Please return each entry exactly as it appears, but not the pictures.

> [MATERIAL TO PROCESS]
+ + + + + + +

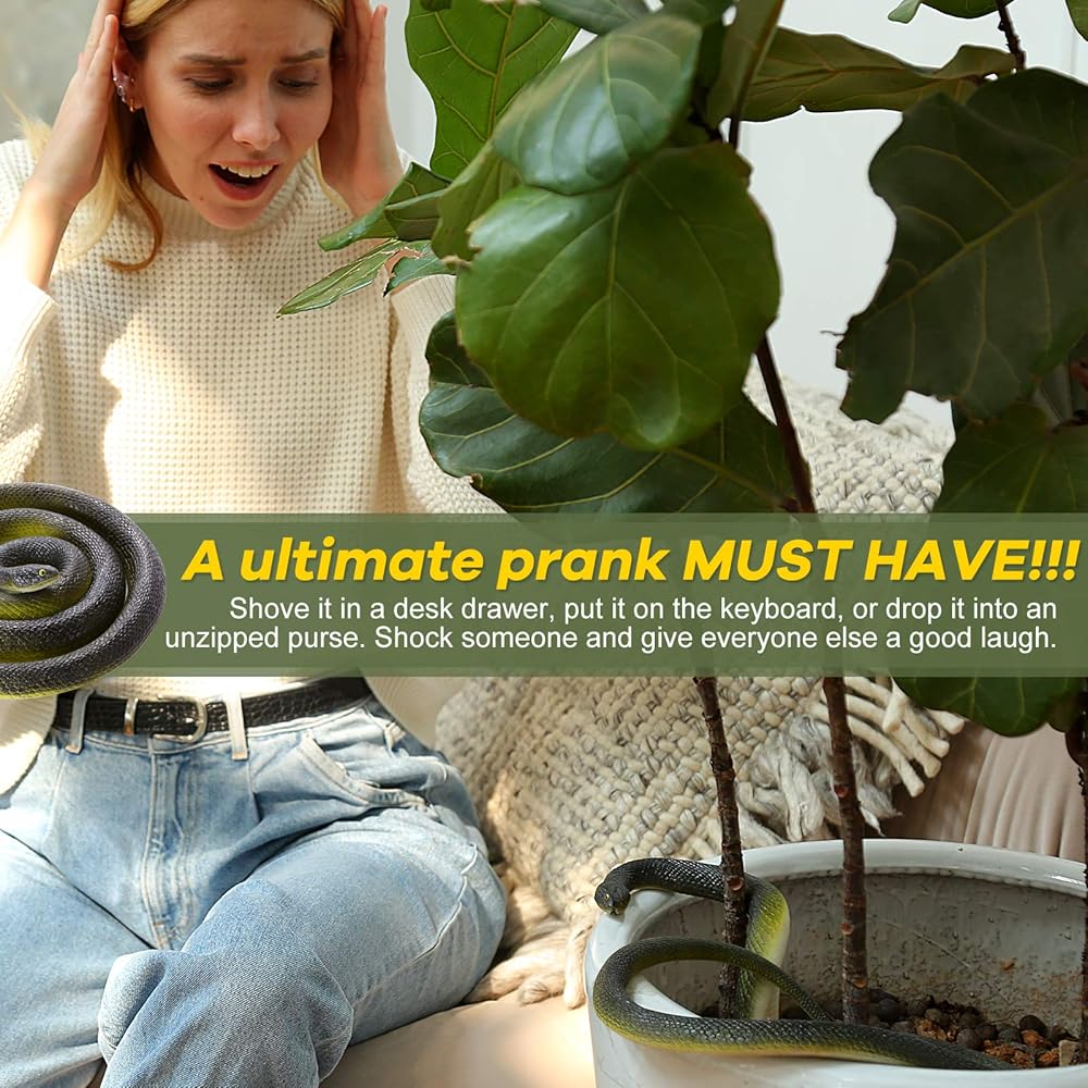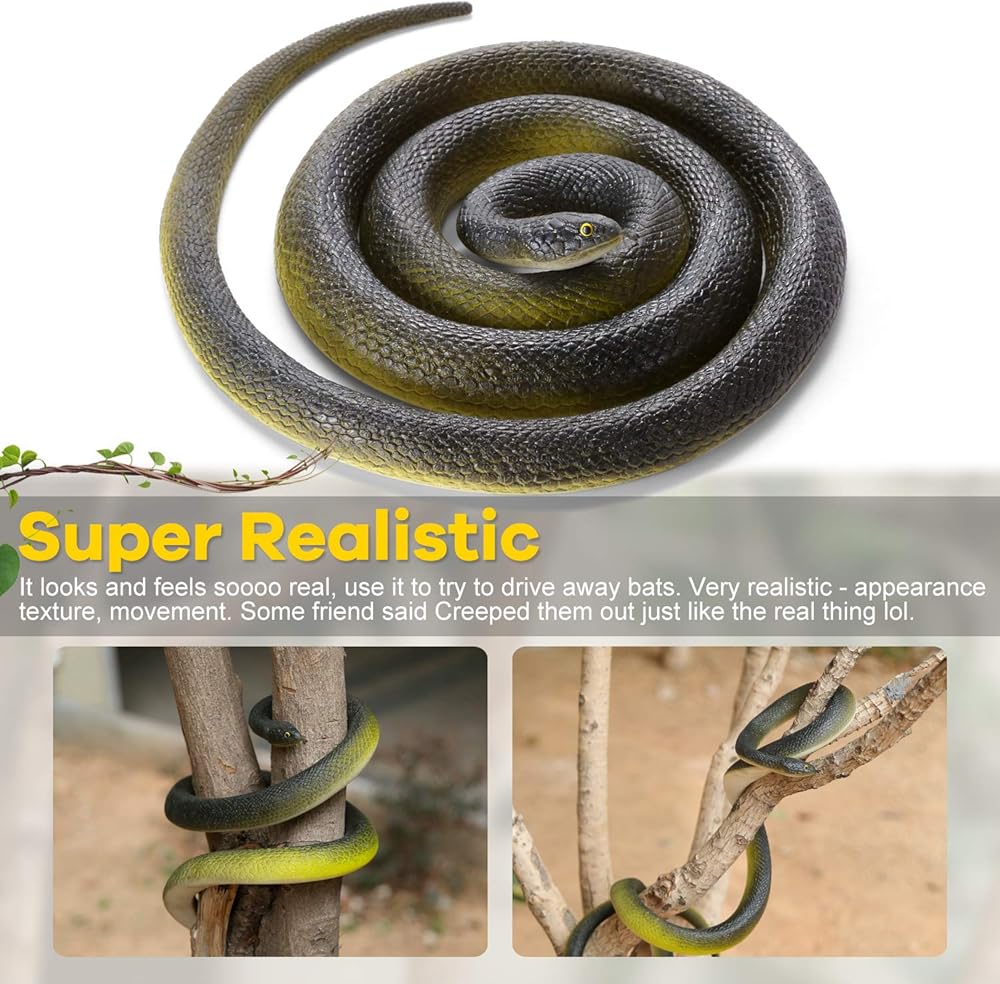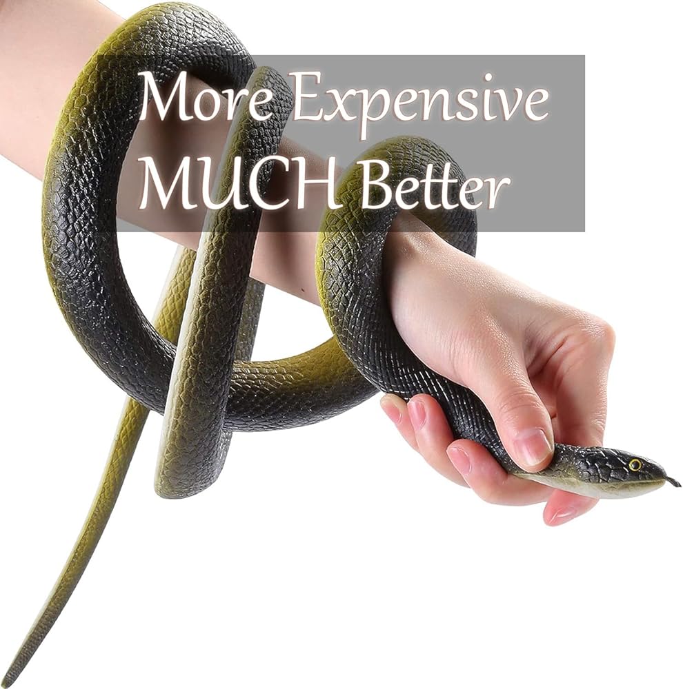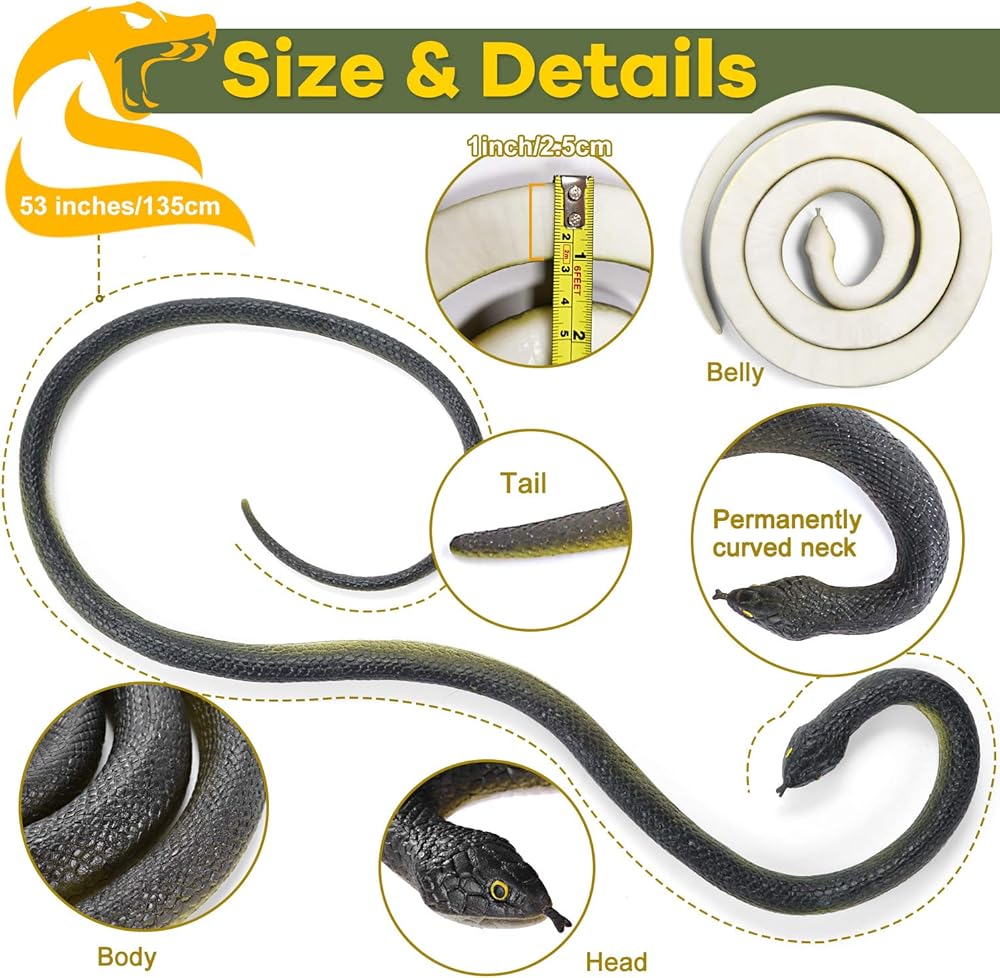 🐍[Realistic Snake&Excellent Appearance]: Made of high-quality rubber material, non-toxic and eco-friendly. Our realistic fake snake is very durable, sturdy, and stretchy. The quality and texture of our toy snake is excellent, and the color is Long-lasting. The glossy dark green skin and white belly make our Large rubber snake more lifelike! Get it without worrying about Fading.
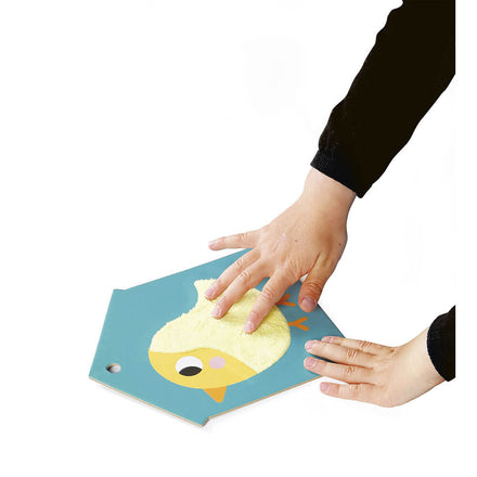 Ga op ontdekking met deze leuke tactiele kaarten! Je kleintje zal door te voelen de wereld verkennen. Deze set bevat 7 kaarten die door een verwijderbare ring samengehouden kunnen worden om makkelijk overal mee naartoe te nemen! Met de boerderij kaart met opening aan de voorkant kan je kleintje kiekeboe spelen met alle dieren.
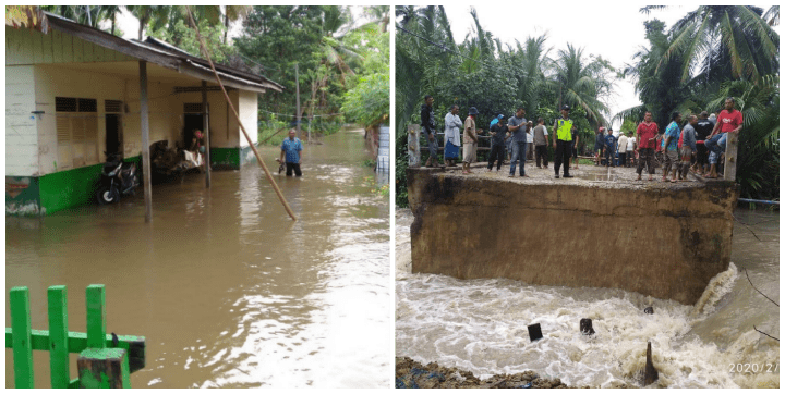 ANALISAACEH.COM, PIDIE JAYA | Hujan deras yang mengguyur Kabupaten Pidie Jaya sejak sabtu (01/02/2020) malan menyebabkan beberapa beberapa Gampong di Kecamatan Meureudu dan Ulim digenangi banjir. Selain itu juga menyebabkan jembatan putus.
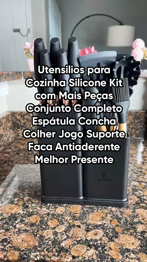 Utensilios para Cozinha Silicone Kit com Mais Peças Conjunto Completo Espátula Concha Colher Jogo Suporte Faca Antiaderente Melhor Presente
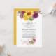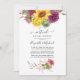 Invitation de mariage virtuel en ligne à distance de style bohème rustique avec tournesols et dahlias dans des teintes de prune bordeaux et couleurs ensoleillées.
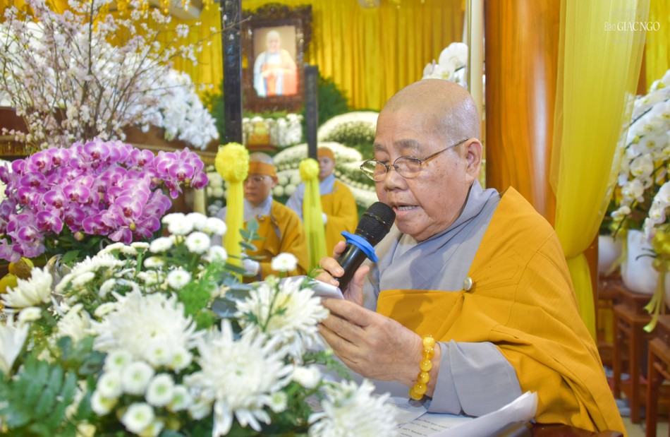 Sau đó, Thượng tọa Thích Minh Bảo, Trưởng ban Trị sự GHPGVN Q.4 đọc điếu văn tưởng niệm.
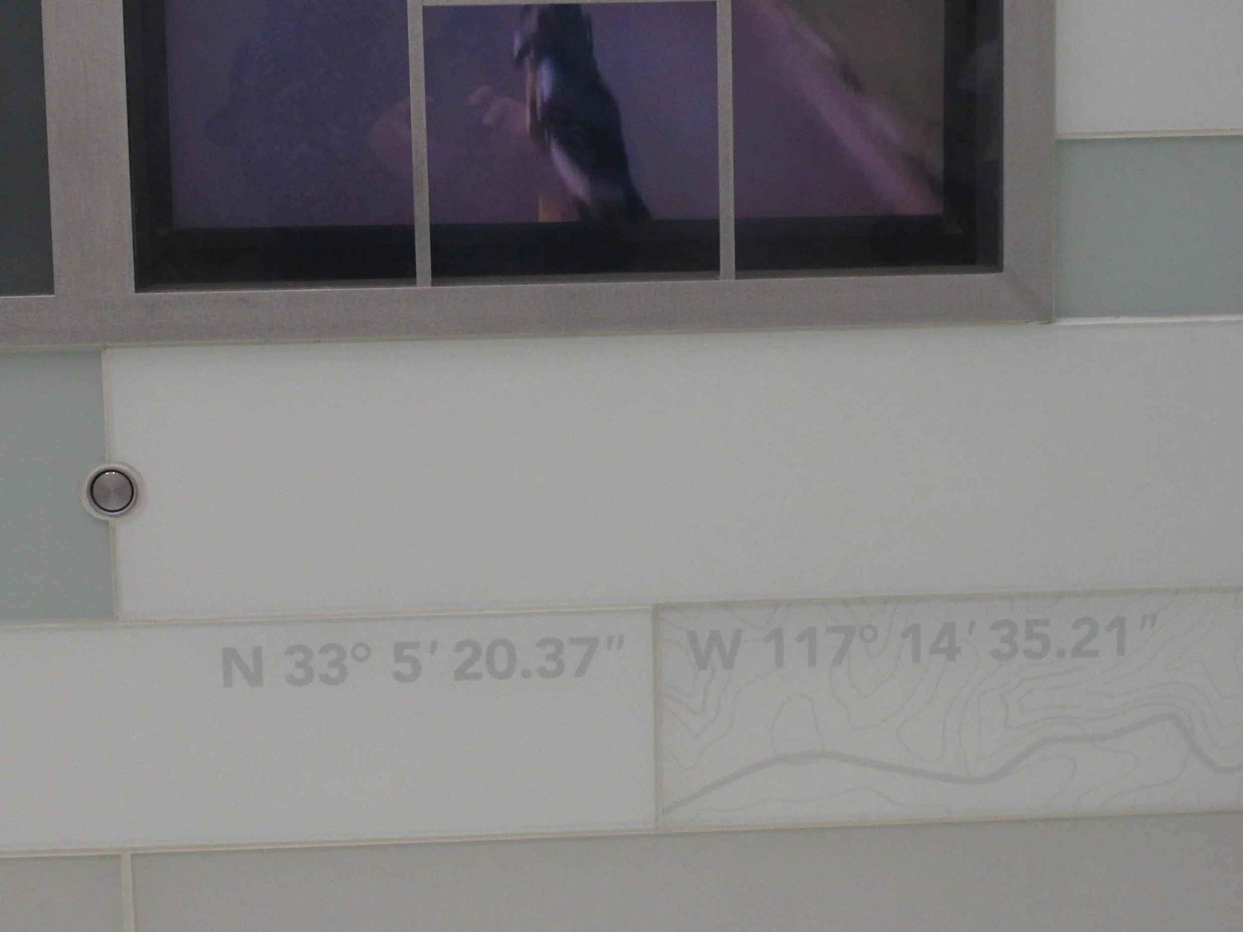 (Spotted in the concrete surface at the entrance to a Departures restroom)
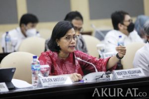 Menteri Keuangan Sri Mulyani saat memberikan penjelasan kepada Komite IV di ruang GBHN, Nusantara IV, Kompleks Parlemen MPR/DPR-DPD, Senayan, Jakarta, Senin (24/1/2022). Rapat tersebut membahas evaluasi anggaran daerah 2021 dan perencanaan APBN daerah 2022 terkait penanganan pandemi Covid-19. pojokdepok.com -/Sopian . Ketua

+ + + + + + +

> [OUTPUT BELOW]
 🐍[Realistic Snake&Excellent Appearance]: Made of high-quality rubber material, non-toxic and eco-friendly. Our realistic fake snake is very durable, sturdy, and stretchy. The quality and texture of our toy snake is excellent, and the color is Long-lasting. The glossy dark green skin and white belly make our Large rubber snake more lifelike! Get it without worrying about Fading.
 Ga op ontdekking met deze leuke tactiele kaarten! Je kleintje zal door te voelen de wereld verkennen. Deze set bevat 7 kaarten die door een verwijderbare ring samengehouden kunnen worden om makkelijk overal mee naartoe te nemen! Met de boerderij kaart met opening aan de voorkant kan je kleintje kiekeboe spelen met alle dieren.
 ANALISAACEH.COM, PIDIE JAYA | Hujan deras yang mengguyur Kabupaten Pidie Jaya sejak sabtu (01/02/2020) malan menyebabkan beberapa beberapa Gampong di Kecamatan Meureudu dan Ulim digenangi banjir. Selain itu juga menyebabkan jembatan putus.
 Utensilios para Cozinha Silicone Kit com Mais Peças Conjunto Completo Espátula Concha Colher Jogo Suporte Faca Antiaderente Melhor Presente
 Invitation de mariage virtuel en ligne à distance de style bohème rustique avec tournesols et dahlias dans des teintes de prune bordeaux et couleurs ensoleillées.
 Sau đó, Thượng tọa Thích Minh Bảo, Trưởng ban Trị sự GHPGVN Q.4 đọc điếu văn tưởng niệm.
 (Spotted in the concrete surface at the entrance to a Departures restroom)
 Menteri Keuangan Sri Mulyani saat memberikan penjelasan kepada Komite IV di ruang GBHN, Nusantara IV, Kompleks Parlemen MPR/DPR-DPD, Senayan, Jakarta, Senin (24/1/2022). Rapat tersebut membahas evaluasi anggaran daerah 2021 dan perencanaan APBN daerah 2022 terkait penanganan pandemi Covid-19. pojokdepok.com -/Sopian . Ketua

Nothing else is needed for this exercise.